Matthias Nehlsen

Software, Data, and Stuff

BirdWatch client using ClojureScript and Om

Back in January I wanted to try out Om. Now, I finally got around to doing so.

For those of you who do not know, Om is a ClojureScript wrapper around Facebook's ReactJS library. I have covered ReactJS on this blog a few times, for example in the post mentioned in the twitter conversation above. ClojureScript is very similar to Clojure, except that it targets the browser and not the JVM. Like Scala.js, ClojureScript is compiled into JavaScript.

Finally I got around to giving Om a spin and wrote my first application in ClojureScript. You can try it out here. Before, I had only read a little bit about Clojure and ClojureScript and I had also gone through clojurekoans. Then, just for the fun of it (and to see for myself if I could make it work), I wanted to write a new client for my BirdWatch application, this time in ClojureScript. BirdWatch is kind of a live search engine to search for tweets in an area of interest, with a Single Page Application retrieving search results from a server component, including updates to that search over a streaming connection using Server Sent Events (SSE). In the browser, some basic stats are shown about specific tweets (like recent RTs) and the usage of words (wordcloud and trending barchart) plus a time series chart displaying the time distribution of recent tweets matching a query. The server side is written in Scala using Play Framework, however that does not need to concern us for this article as the wire format is plain JSON.

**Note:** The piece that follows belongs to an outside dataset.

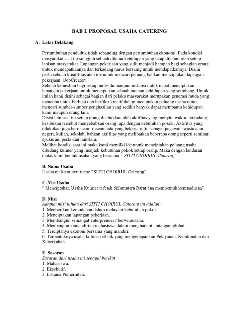 8 Contoh Proposal Bisnis Terbaik Yang Layak Ditiru. Inilah beberapa contoh proposal bisnis yang cocok untuk plan usaha makanan atau jasa. Kamu bisa download proposal bisnis dan membuatnya. Salah satu kunci sukses dalam berbisnis tidak lepas dari keahlian dalam menyusun plan bisnis dengan baik. Plan atau proposal bisnis bisa diartikan sebagai ...
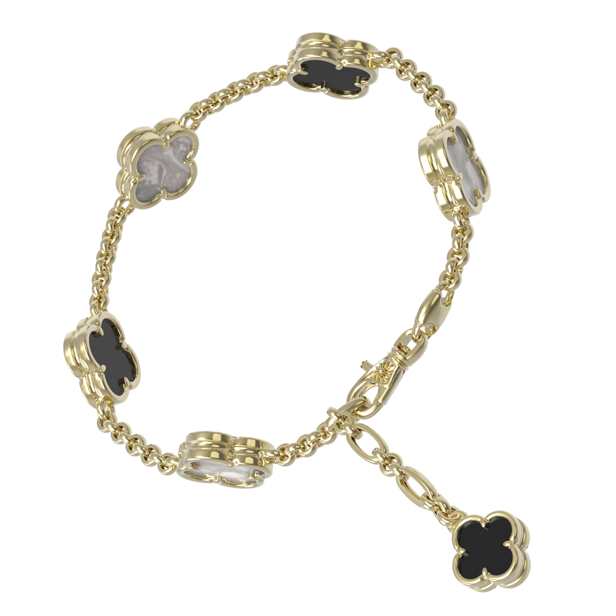 Браслет из лимонного золота c ониксом и перламутром

The UI of the new client is done in Om and the internal communication between application parts is realized with Core.async. All the data mangling is done in ClojureScript instead of using crossfilter.js as was the case with the ReactJS and the AngularJS versions. For more information about the server side and a JavaScript version of the client side application, I recommend this article. The description of the server side is still accurate; nothing changed while I was writing this ClojureScript version. On the client side there are version available using AngularJS, ReactJS and now ClojureScript and Om.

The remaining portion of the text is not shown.